** Opening Listed records block **

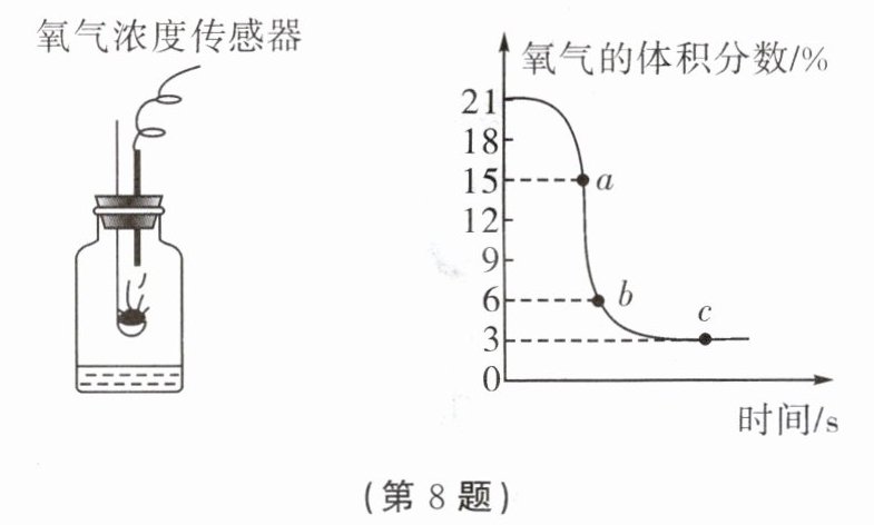 8. 某兴趣小组利用氧气传感器来检测足量红磷燃烧过程中氧气的含量,如图所示,下列判断正确的是 (
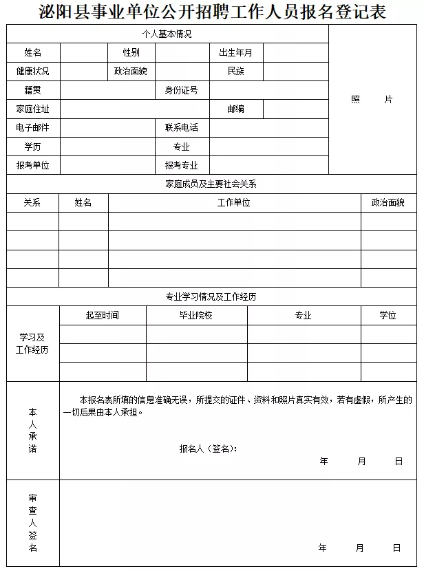 2、泌陽(yáng)縣事業(yè)單位招聘工作人員報(bào)名登記表。
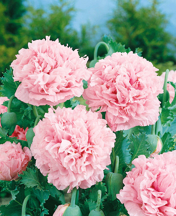 Нежное очарование мака и роскошь махрового пиона подарили нам селекционеры. Пионовидный мак – это растения с мощными кустами, с необыкновенно яркими и красивыми густомахровыми цветками, и отливающими шелком лепестками. Цветки у него до 16 см. в диаметре. Они гипнотизируют, они привлекают, они завораживают своей гордой и какой- то особой независимой красотой. Стебель пионовидного мака прочный, высотой 80 - 100 см., на нем крепко и надежно держится крупный цветок. Папавер с легкостью выдерживает трепку нашими уральскими ветрами.
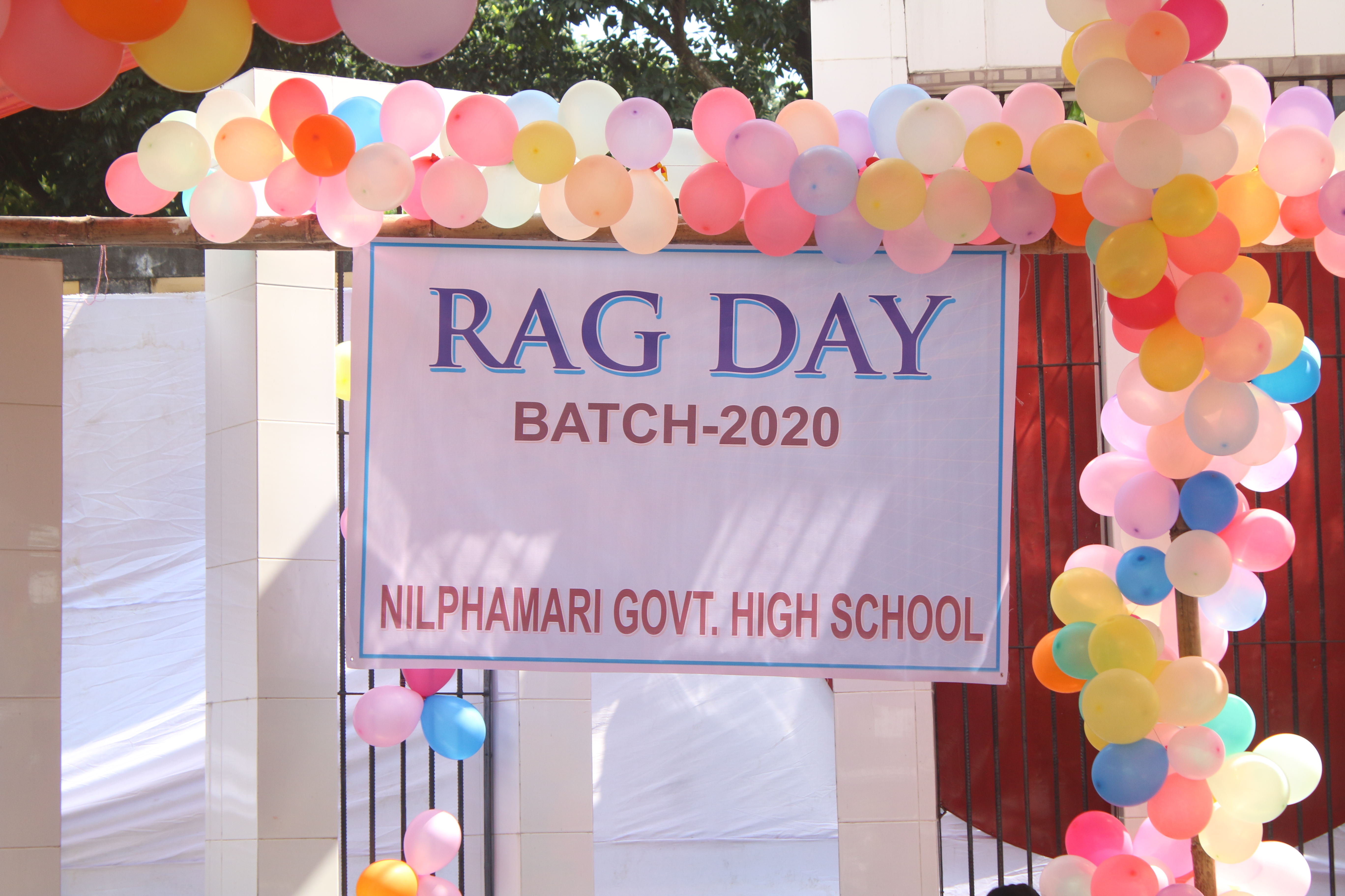 অক্টোবর ৩, ২০১৯ সালে আমাদের র্যাগ ডে পালন হয়। আমরা এসএসসি ২০২০ ব্যাচ ছিলাম। আমরা বিদ্যালয় এর প্রধান শিক্ষকের পারমিশন নিয়ে খুব বড় ভাবে ধুমধাম করে র্যাগ ডে আয়োজন করি । আমাদের বিদ্যালয় এর ইতিহাসে এটি সবথেকে বড় র্যাগ ডে ছিলো। আমরা কয়েকজন বন্ধু এর আয়োজনে ছিলাম।তাই এর আগের দিন থেকেই আমাদের কাজ শুরু হয়ে গিয়েছিল। র্যাগ ডে এর আয়োজন করেছিলাম আমরা বিদ্যালয়ের পিছনের মাঠে। মাঠটি পরিষ্কার করা, সাউন্ড বক্স ইত্যাদি আগের দিনেই সব অ্যারেঞ্জ করে নিয়েছিলাম। পরের দিন সকাল-সকাল আমরা যারা আয়োজন ছিলাম সবার আগে বিদ্যালয়ে চলে যাই। কনফেকশনারিতে আমাদের একটি কেক অর্ডার দেওয়া ছিল, কেকটির উপরে আমাদের বিদ্যালয়ের ছবি দিয়ে ডিজাইন করা ছিল।
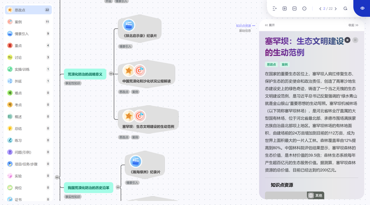 在推动智能技术与教育教学深度融合和创新应用的探索中,课程教学团队坚持以学生发展为核心不动摇,以课程挑战和痛点问题为导向,以思政为魂、内容为要、共享为途,通过专思同行、知行合一、数字赋能,不断探索利用人工智能技术的专业课教学创新手段,建设了“荒漠化防治学”AI新形态课程,引领服务爱沙知沙拔尖创新型领军人才培养。

** Closing Listed records block **

*How to complete this task:*
From the first line above through the line containing "Нежное очарование мака", copy everything exactly, without the pictures.

*Written reply:*
 8. 某兴趣小组利用氧气传感器来检测足量红磷燃烧过程中氧气的含量,如图所示,下列判断正确的是 (
 2、泌陽(yáng)縣事業(yè)單位招聘工作人員報(bào)名登記表。
 Нежное очарование мака и роскошь махрового пиона подарили нам селекционеры. Пионовидный мак – это растения с мощными кустами, с необыкновенно яркими и красивыми густомахровыми цветками, и отливающими шелком лепестками. Цветки у него до 16 см. в диаметре. Они гипнотизируют, они привлекают, они завораживают своей гордой и какой- то особой независимой красотой. Стебель пионовидного мака прочный, высотой 80 - 100 см., на нем крепко и надежно держится крупный цветок. Папавер с легкостью выдерживает трепку нашими уральскими ветрами.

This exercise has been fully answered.